A remarkable aspect of Sánchez-Lavega and colleagues' report1 is the increasing part now being played by amateur astronomers in planetary observation campaigns. The almost continuous observational coverage by amateurs around the globe allowed the growth and motion of individual large-scale storm clouds to be followed for up to 45 days, while the Hubble telescope performed occasional tracking of fine-scale features for about 10 hours at a time. In recent years, inexpensive digital cameras and access to sophisticated image-processing techniques that correct for the blurring caused by Earth's atmosphere have enabled advanced amateurs with modest-sized telescopes to image planets with resolutions high enough to resolve many atmospheric phenomena (Fig. 1). This coverage from around the world nicely complements the more powerful, but less flexible capabilities of the large ground- and space-based telescopes. Undoubtedly, as the planetary physicians continue to probe deeper under the skin of their subjects, the dedicated amateur medic will be on hand to supply some of the diagnostic tools.

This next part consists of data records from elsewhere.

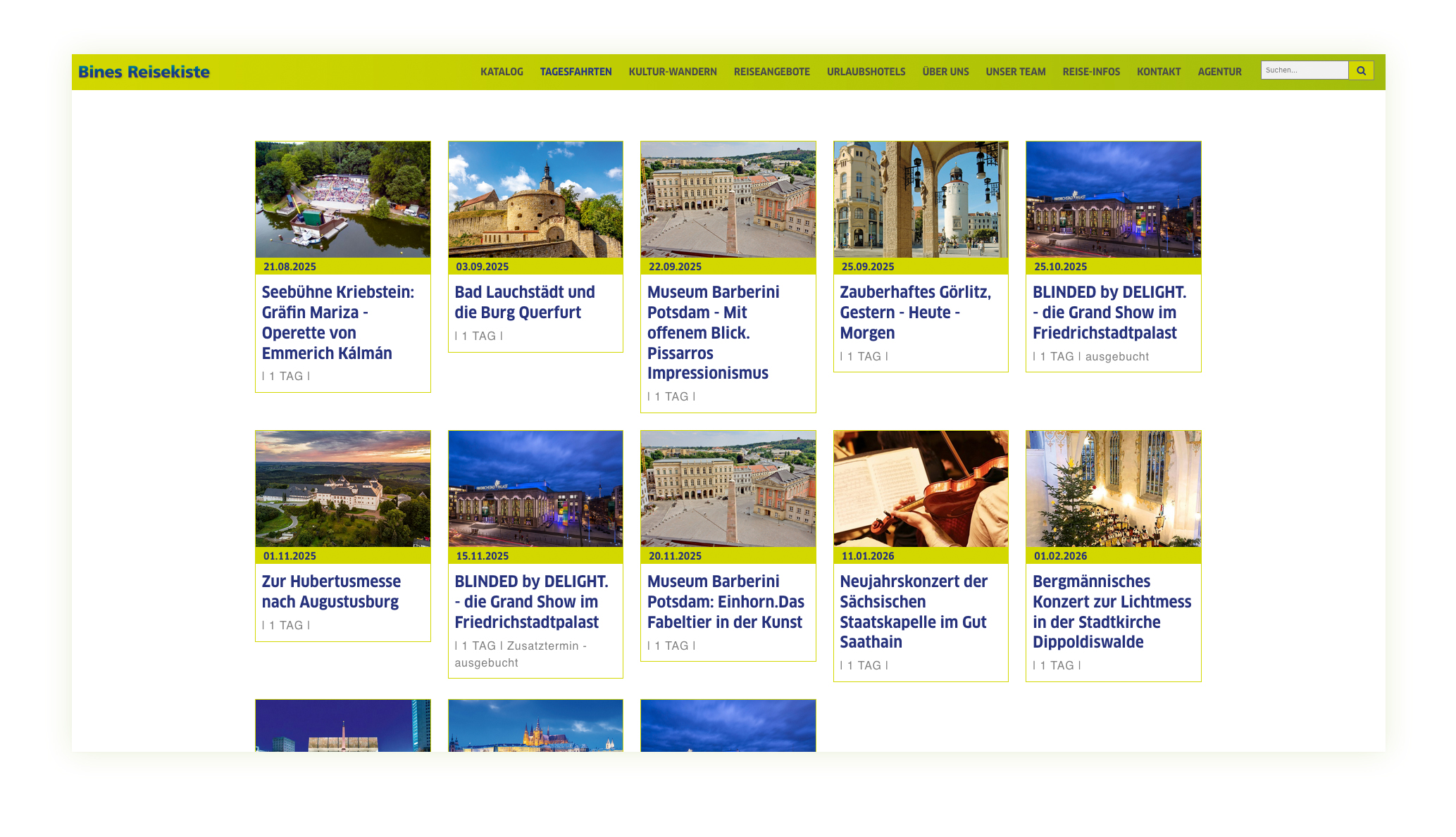 Hier gelangen Sie zu unserer Webseite Bines Reisekiste mit den Kunst- und Kulturreisen. Dort können Sie sich die Reisen anschauen und auch buchen.
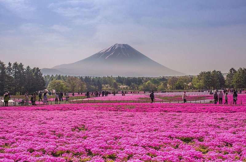 在日本,不仅日立滨海公园有花开盛景,一年一度的富士芝樱祭同样美不胜收。每年的4月至6月,朵朵樱花盛开,汇成粉色海洋,让人流连忘返。
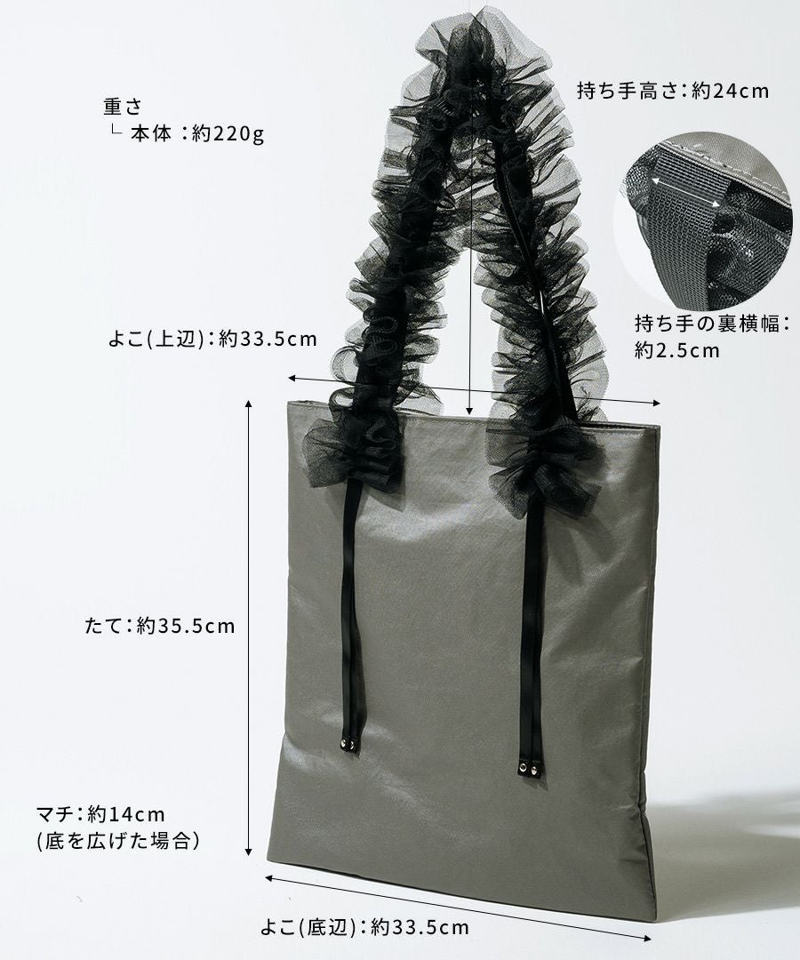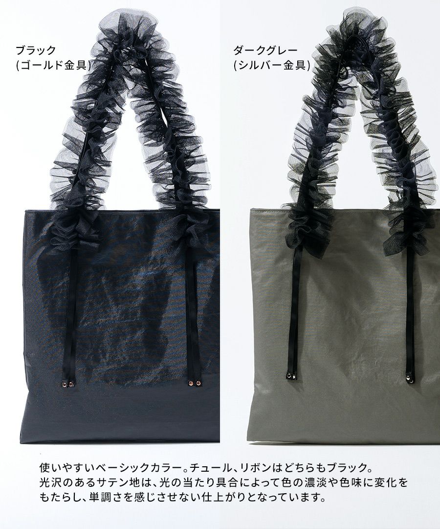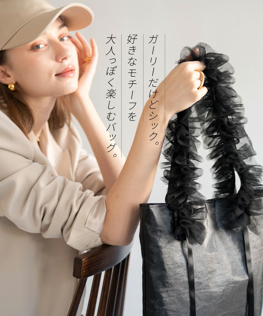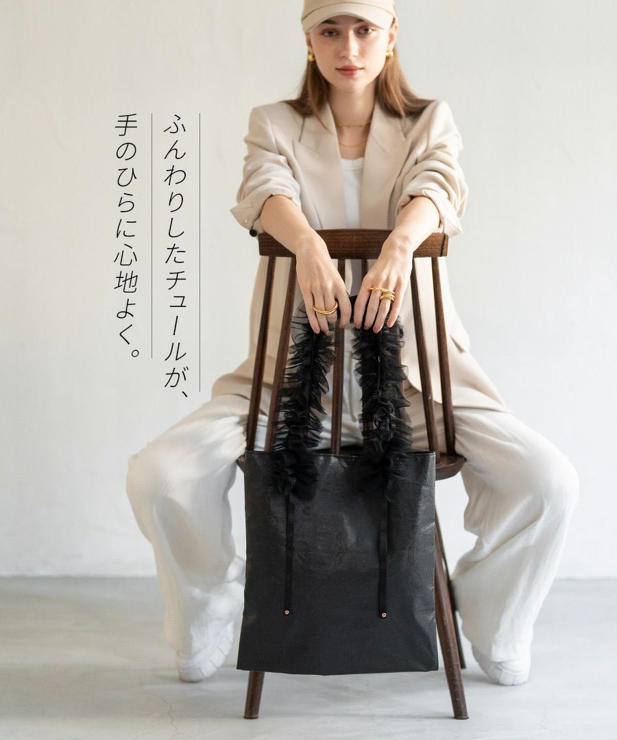 他の画像を見る チュール トートバッグ フリルハンドル 【会員限定20%OFFクーポン 2/27(9:59)まで】Tulina チュリナ【在庫限り】 ¥ 6,200 税込 カートに入れる お気に入りに登録する

Figure 1: Storm on camera.
figure 1

An image of Jupiter, obtained on 17 May 2007 from the island of Cebu in the Philippines by an amateur astronomer, shows the planet at the height of its global upheaval of that year. The box indicates the region of the 23° N jet, with the dark grey patches inside it representing the remnants of the disturbance triggered by the storms studied by Sánchez-Lavega and colleagues1. The bright spot indicated by the arrow is the onset of yet another storm. The frequency and flexibility of amateur observations, coupled with the ability to achieve spatial resolutions high enough to resolve many major atmospheric features, has made them an integral part of Jupiter observation campaigns. (Image courtesy of C. Go1,13.)